EPDM or Torch Down?


#1

I am looking to replace the roof on an older building, it is a low slope commercial building in missouri. I have received quotes for “torch down modified bitumen” and EPDM rubber .060. Here are my questions:

Which is better bitumen or rubber?
why am i getting different warrantees even with same manufacturers? (mulehide, and firestone)
If rubber is better, is it really 10,000 dollars better?

Any other info you can offer would be greatly appreciated as I am tired of dumping buckets!

Thank you for your knowledgeable assistance.

Corey Cantwell


#2

well…you will still dump buckets with torchdown. plus they could burn your building down doing it. i like epdm myself. better flashing details and less seams. it is on my warehouse. get more epdm estimates and see if they vary greatly as well. you should get like 5 estimates for the same scope of work, throw out the high and low bids and pick who you trust from the middle 3.


#3

ONLY IF MARHALL DOES IT! LMAO Seriously, he cannot know how to do the system if he really typed this himself. Plumbers burn more buildings down sweating pipes, but nobody hears about that.
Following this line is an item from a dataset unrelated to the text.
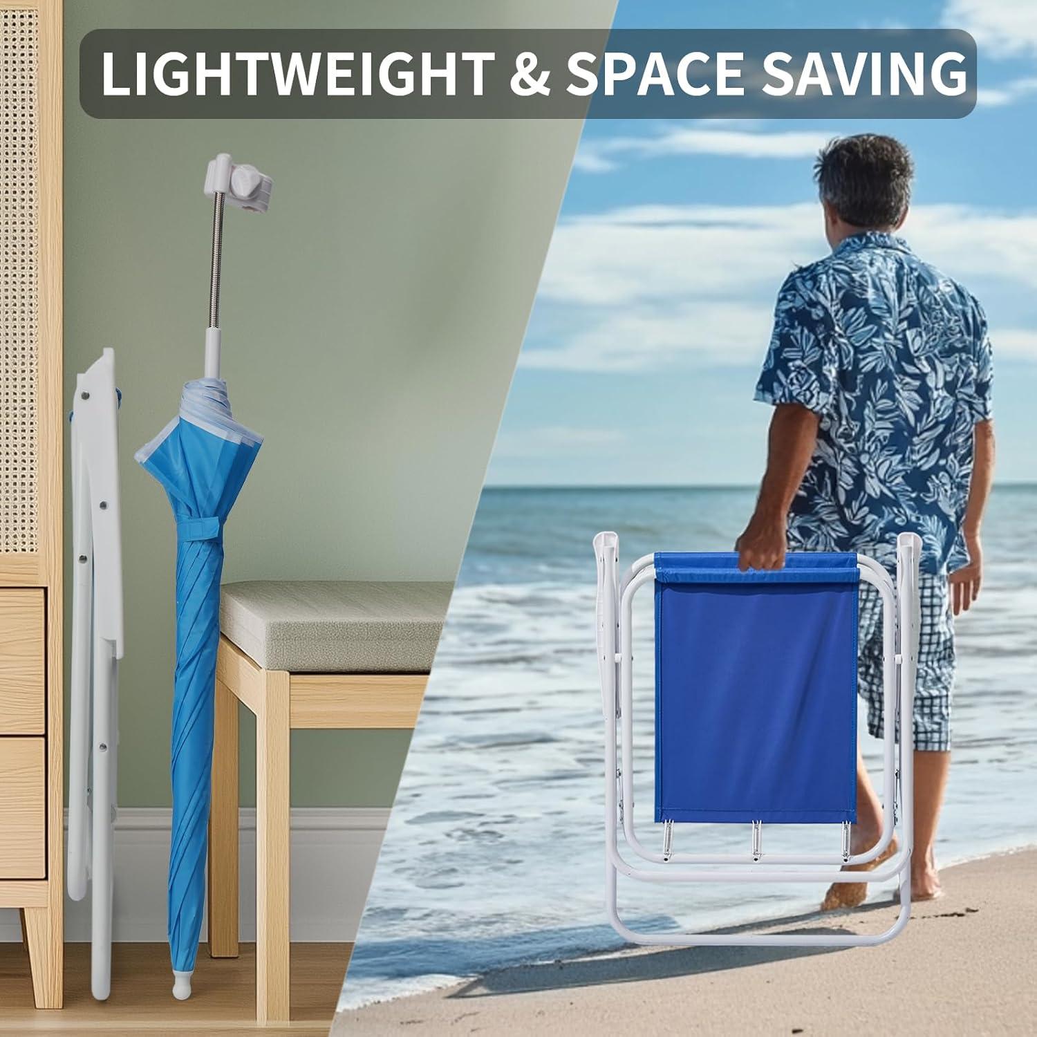 Outvita Beach Chair with Umbrella, Outdoor Folding Chair High Strength Cleanable Fabric Lightweight and Waterproof for Sand Camping Lawn Concert Travel Festival Blue,Heavy Duty Supports 220lbs(Blue)

LOL

It sounds to me like the company wants to offer options, but does not like to do EPDM, or doesnt ave a lot of experience with it.


#4

Who dumps buckets with torch applied?!

Throw down your club and spotted tunic the archaic days of hot mop are gone. No reason to use hot tar on a new torch applied roof ever.
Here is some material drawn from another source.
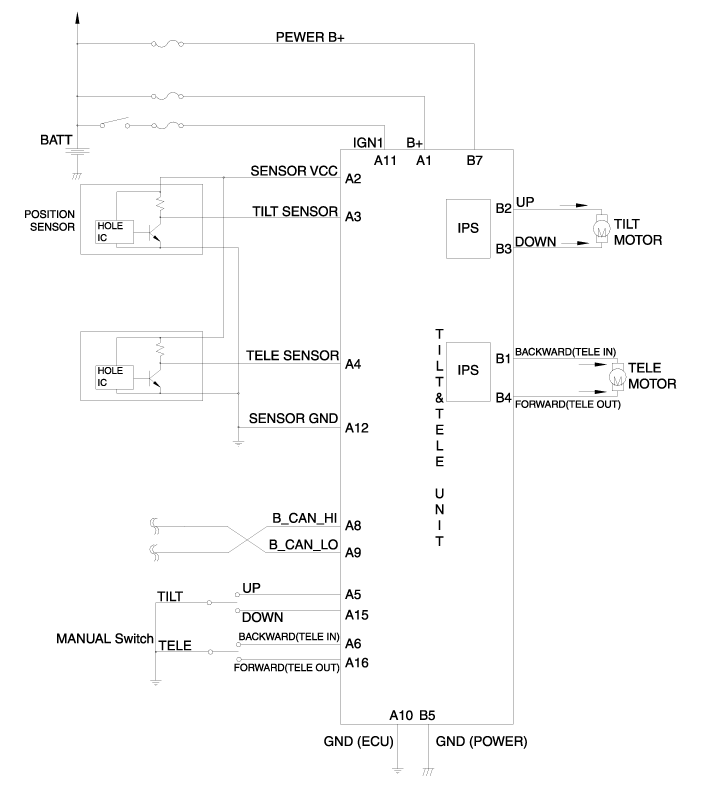 Hyundai Genesis: схемы IMS (интегрированная система памяти) / управления наклоном и телескопом (SCM)

That being said, it’s going to come down to a matter of price and roof traffic. Both systems are good but I’d favor a 3-layer Torch APP in a moderate to high traffic areas. EPDM is a solid roof solution but doesn’t fair well when its walked on all the time.


#5

pitch rules…


#6

Hey, batta batta batta… SWING! & A miss…

Oh, wait. Not that kinda pitch.

EPDM for me; sounds like the only traffic will be for maintenance purposes.


#7

Hi,

In my area I will give you the best value for your money. If you tell me you are getting 5 bids. Mine will not be one of them.

I can not believe that you tell people to waste so many roofing contractors time.


#8

Ever been to 5 different auto dealers to look for a vehicle? It’s the nature of the business. :arrow:

I am not afraid to compete against 10 other quotes because I am confident in my product, my service & my commitment to the process.

That doesn’t mean I’m going to get 100% of the bids I place, however if I was afraid of the competition then I couldn’t sleep @ night because who knows… after I leave a jobsite any number of things can happen; additional estimators / roofers / salespeople are one of them (not all customers are there to meet & greet @ the time of inspection considering that we do our work during the same time they are probably not around).
:!:
I don’t have enough time to ONLY meet with a customer onsite to do measurements & hand out estimates.

Granted, sometimes I will drive a couple of blocks out of my way to look at a roof & see if they have done the work or not (one recent one was only 3 blocks from my house & the 2 man ‘tag team’ they hired took 5 days to do a tear-off, 2 decking repair & 30 +/- square dimensional lay. The customer will STILL have a leak @ the roof to patio joint because the underlying problem wasn’t addressed…

Cost was obviously the over abiding decision factor for these customers & my commitment to quality was not as important to them it seems. I have no idea what their quote was in relation to mine.

If I were to take rejection so deeply that it hurt my psyche then it might be better to take a job @ a hamburger joint & hope nobody changes their mind from “hamburger” to “cheeseburger”… :wink:


#9

Thanks for the replies so far guys.

I thought I would add the following…

No there isn’t much traffic on the roof, except my neighbors, I hate them. LOL sometimes I catch them on my roof watching fireworks or just drinking.

I also need to keep weight in mind, the metal of the roof is not at all new. I don’t really want to put three layers of bitumen down do I?

Also, I have recieved samples of bitumen and rubber, the bitumen looks like it’s the same as asphalt but with additives to make it pliable and able to be rolled into sheets. is that right?

The rubber looks very durable, even when walked on…

Also if you are in the Southeast Missouri area and you would like to bid just call me at 573-335-9955 12pm-6pm EST
Thanks,
Corey


#10

I’ve put down a lot of both types of roof systems, and without a doubt you will want to go with the modified bitumen since it is a more forgiving system. My preference would be a built-up roof membrane with a modified bitumen cap sheet. The redundancy and thickness of the material is what will protect your building interior. And no, EPDM should not cost more than the mod. bit. roof system.


#11

OK I just talked to one of the bidders.

He said he doesn’t have to have the insulation board on top of the existing tar roof under the rubber. This means that the factory will not warrantee the product’s installation. BUT he says we’ll have a “ten year LIMITED factory warranty on the rubber”

Is this typical?

He also told me that to get the full factory warrantee I would be paying a lot more. I assume that is for the extra material (fiber board) and labor, correct?

I have other bids that offer warrantees with no dollar amount limit, but I’ll be paying around 10,00 dollars more for them to do it.

I’m so confused\worried\frustrated!

Thanks again for your help,

Corey


#12

With regard to the limited 10 year warranty for the EPDM (rubber), it is ONLY a material warranty against manufacturing defects. Furthermore, most manufacturers will NOT warranty residential low-sloped roofs.

You said you compared the mod. bit. to the EPDM, did you try to stick a nail in the two membranes? Poke them with a piece of broken glass? Trust me, you will be much better off with the mod. bit. than you will be with the EPDM roof. And personally, I wouldn’t want an EPDM roof on any of my roofs unless I was the one installing the product. Too many things can be done wrong and lead to leaks. Also, if you have neighbors on your roof I would certainly steer clear of EPDM. And for what it is worth, damage caused by others is not covered under anyones warranty.


#13

But tarmonkey, why not a redundant watgerproofing in a 2 ply mopped base with a FR cap for a 20 year ndl?